How to avoid a specific pattern when using regular expression?

Question

I want to match a pattern like '2 years', '4 days' in a text, and meanwhile want to avoid a pattern like '2 years old', i.e., I don't want a 'old' following 'years'. I thought a negative lookahead (?!old) would help. But I don't know how to do it. I tried

r=regex.compile(r'\b(\d+)\s*(years?|months?|days?)\s*(?!old)\b')

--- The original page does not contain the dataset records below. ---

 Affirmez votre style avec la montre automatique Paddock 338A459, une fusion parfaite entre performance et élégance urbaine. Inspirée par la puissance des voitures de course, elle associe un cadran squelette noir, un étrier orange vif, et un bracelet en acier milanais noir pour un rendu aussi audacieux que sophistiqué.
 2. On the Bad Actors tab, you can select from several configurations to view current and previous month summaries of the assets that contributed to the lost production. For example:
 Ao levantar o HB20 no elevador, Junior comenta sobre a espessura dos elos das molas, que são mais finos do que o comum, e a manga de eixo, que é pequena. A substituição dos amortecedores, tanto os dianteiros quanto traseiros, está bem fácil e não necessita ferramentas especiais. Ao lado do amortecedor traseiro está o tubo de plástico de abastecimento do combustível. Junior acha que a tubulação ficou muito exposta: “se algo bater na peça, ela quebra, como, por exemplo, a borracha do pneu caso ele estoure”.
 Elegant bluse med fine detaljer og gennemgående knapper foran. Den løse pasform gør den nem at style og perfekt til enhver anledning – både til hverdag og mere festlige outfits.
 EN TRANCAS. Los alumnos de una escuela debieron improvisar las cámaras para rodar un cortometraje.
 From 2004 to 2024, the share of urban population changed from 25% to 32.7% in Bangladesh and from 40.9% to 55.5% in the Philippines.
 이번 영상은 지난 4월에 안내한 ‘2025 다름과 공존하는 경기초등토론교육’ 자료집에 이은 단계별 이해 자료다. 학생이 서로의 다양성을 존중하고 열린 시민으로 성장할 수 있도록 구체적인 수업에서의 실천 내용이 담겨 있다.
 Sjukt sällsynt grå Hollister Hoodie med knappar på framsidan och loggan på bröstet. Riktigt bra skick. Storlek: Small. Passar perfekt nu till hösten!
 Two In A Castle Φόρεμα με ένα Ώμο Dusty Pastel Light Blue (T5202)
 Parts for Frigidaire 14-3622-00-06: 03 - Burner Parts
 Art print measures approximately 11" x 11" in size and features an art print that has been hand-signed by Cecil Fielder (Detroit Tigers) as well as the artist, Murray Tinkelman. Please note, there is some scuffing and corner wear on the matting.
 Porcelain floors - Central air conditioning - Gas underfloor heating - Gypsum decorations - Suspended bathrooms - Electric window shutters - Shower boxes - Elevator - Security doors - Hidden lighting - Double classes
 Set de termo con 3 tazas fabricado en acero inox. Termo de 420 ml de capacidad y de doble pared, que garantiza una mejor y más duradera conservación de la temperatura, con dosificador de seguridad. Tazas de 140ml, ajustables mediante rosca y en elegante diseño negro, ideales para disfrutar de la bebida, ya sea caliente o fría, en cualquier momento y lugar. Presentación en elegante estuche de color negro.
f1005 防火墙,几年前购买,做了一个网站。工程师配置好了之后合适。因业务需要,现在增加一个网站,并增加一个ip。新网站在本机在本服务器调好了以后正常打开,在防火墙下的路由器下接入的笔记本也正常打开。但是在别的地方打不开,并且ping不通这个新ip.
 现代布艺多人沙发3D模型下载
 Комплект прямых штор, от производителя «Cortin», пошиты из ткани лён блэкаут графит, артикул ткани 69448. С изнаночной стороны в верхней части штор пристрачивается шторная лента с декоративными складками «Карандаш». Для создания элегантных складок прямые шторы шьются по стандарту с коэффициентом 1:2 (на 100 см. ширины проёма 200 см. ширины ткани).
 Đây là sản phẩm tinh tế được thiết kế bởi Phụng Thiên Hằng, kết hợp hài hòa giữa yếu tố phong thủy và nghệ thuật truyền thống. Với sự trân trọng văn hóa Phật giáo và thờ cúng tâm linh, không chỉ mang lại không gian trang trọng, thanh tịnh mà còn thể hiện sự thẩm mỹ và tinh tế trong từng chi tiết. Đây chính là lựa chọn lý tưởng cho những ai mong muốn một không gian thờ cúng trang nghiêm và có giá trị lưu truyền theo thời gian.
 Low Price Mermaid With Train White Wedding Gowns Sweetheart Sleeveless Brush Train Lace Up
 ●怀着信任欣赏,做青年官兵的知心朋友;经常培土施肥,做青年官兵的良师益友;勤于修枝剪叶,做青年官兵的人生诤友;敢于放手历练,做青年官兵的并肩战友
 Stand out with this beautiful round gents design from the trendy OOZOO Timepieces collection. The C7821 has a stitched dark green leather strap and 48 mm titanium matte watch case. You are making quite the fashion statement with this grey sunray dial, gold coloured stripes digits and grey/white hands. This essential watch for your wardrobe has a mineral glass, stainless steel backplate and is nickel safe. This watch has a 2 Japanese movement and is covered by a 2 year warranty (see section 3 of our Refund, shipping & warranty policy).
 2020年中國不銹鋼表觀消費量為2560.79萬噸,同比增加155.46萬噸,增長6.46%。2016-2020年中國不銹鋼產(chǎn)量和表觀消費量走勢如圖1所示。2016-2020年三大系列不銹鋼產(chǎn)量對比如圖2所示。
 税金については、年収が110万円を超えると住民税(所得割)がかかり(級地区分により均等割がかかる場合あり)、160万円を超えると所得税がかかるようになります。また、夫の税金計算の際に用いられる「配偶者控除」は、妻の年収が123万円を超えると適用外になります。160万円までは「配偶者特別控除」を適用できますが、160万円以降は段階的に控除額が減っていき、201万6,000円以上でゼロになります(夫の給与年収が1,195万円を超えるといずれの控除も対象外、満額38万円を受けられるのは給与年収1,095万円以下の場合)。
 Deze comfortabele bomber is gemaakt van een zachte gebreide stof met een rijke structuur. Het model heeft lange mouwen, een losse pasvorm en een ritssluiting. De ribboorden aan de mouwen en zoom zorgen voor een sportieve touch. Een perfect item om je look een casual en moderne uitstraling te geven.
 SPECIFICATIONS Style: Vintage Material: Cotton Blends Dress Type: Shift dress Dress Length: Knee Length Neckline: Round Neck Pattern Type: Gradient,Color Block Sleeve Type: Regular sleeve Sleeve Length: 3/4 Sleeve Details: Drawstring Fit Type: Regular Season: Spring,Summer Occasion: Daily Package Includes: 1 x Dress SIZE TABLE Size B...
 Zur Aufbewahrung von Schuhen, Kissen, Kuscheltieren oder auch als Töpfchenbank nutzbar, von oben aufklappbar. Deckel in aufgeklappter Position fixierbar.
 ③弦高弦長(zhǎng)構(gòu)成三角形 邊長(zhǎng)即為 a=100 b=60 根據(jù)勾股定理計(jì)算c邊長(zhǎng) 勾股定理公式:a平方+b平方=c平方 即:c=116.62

but it still match '2 years'.

Answer 1

For a full match you can omit the capture groups, and if there should be at least a single whitespace char between the words and the digits you can repeat 1 or more times using \s+

To prevent partial matches, you can use word boundaries \b

\b\d+\s+(?:year|month|day)s?\b(?!\s+old\b)

The pattern matches

• \b\d+\s+ A word boundary, match 1+ digits and 1+ whitespace chars
• (?:year|month|day)s?\b Match any of the alternatives and optional s
• (?!\s+old\b) Negative lookahead, assert not 1+whitespace chars followed by old and a word boundary to the right

See a regex demo

Answer 2

Put \s* inside the lookahead:

r'\b(\d+)\s*(years?|months?|days?)(?!\s*old)\b'

As far as I understand, your regexp matched \s* zero times for the 2 years old case. The assertion fails since 2 years ends at word boundary and the content after it is space followed by old.